→ Data:
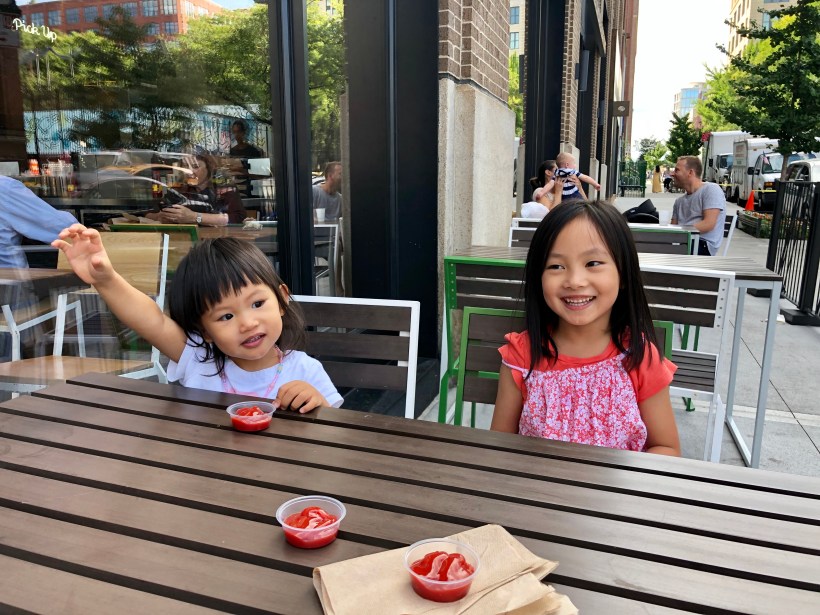 勞作了一上午,Chelsea 提議中午要到附近的一間 Shake Shack 吃飯,姐妹倆一人點了一份招牌漢堡、薯條跟飲料,大快朵頤一番。
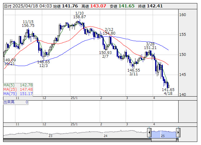 米ドル/円 <日足> 「株探」多機能チャートより17日のニューヨーク外為市場でドル・円は141円90銭まで下落後、142円72銭まで上昇し、引けた。
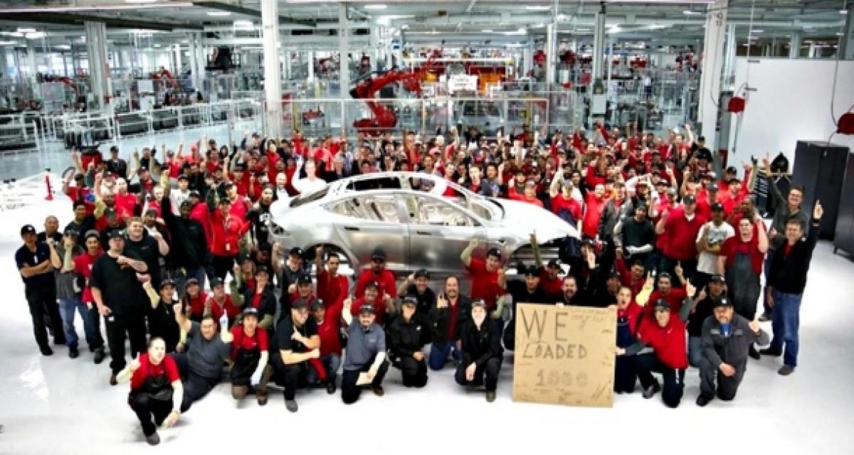 Une photo de famille, une inscription sur un bout de carton et un message et une image sur un réseau social plus tard, Tesla salue la production de la millième berline électrique S. Enfin presque millième…En effet, comme l’illustre le cliché, on salue ici la millième carrosserie et non pas plus concrètement la millième auto. Évidemment qui dit mille carrosseries ne signifie pas mille autos finalisées intégralement et encore moins mille livraisons aux clients.

→ Work item:
When you restate the listing above, give each line word for word but leave out every image.

→ Solution for this task:
 勞作了一上午,Chelsea 提議中午要到附近的一間 Shake Shack 吃飯,姐妹倆一人點了一份招牌漢堡、薯條跟飲料,大快朵頤一番。
 米ドル/円 <日足> 「株探」多機能チャートより17日のニューヨーク外為市場でドル・円は141円90銭まで下落後、142円72銭まで上昇し、引けた。
 Une photo de famille, une inscription sur un bout de carton et un message et une image sur un réseau social plus tard, Tesla salue la production de la millième berline électrique S. Enfin presque millième…En effet, comme l’illustre le cliché, on salue ici la millième carrosserie et non pas plus concrètement la millième auto. Évidemment qui dit mille carrosseries ne signifie pas mille autos finalisées intégralement et encore moins mille livraisons aux clients.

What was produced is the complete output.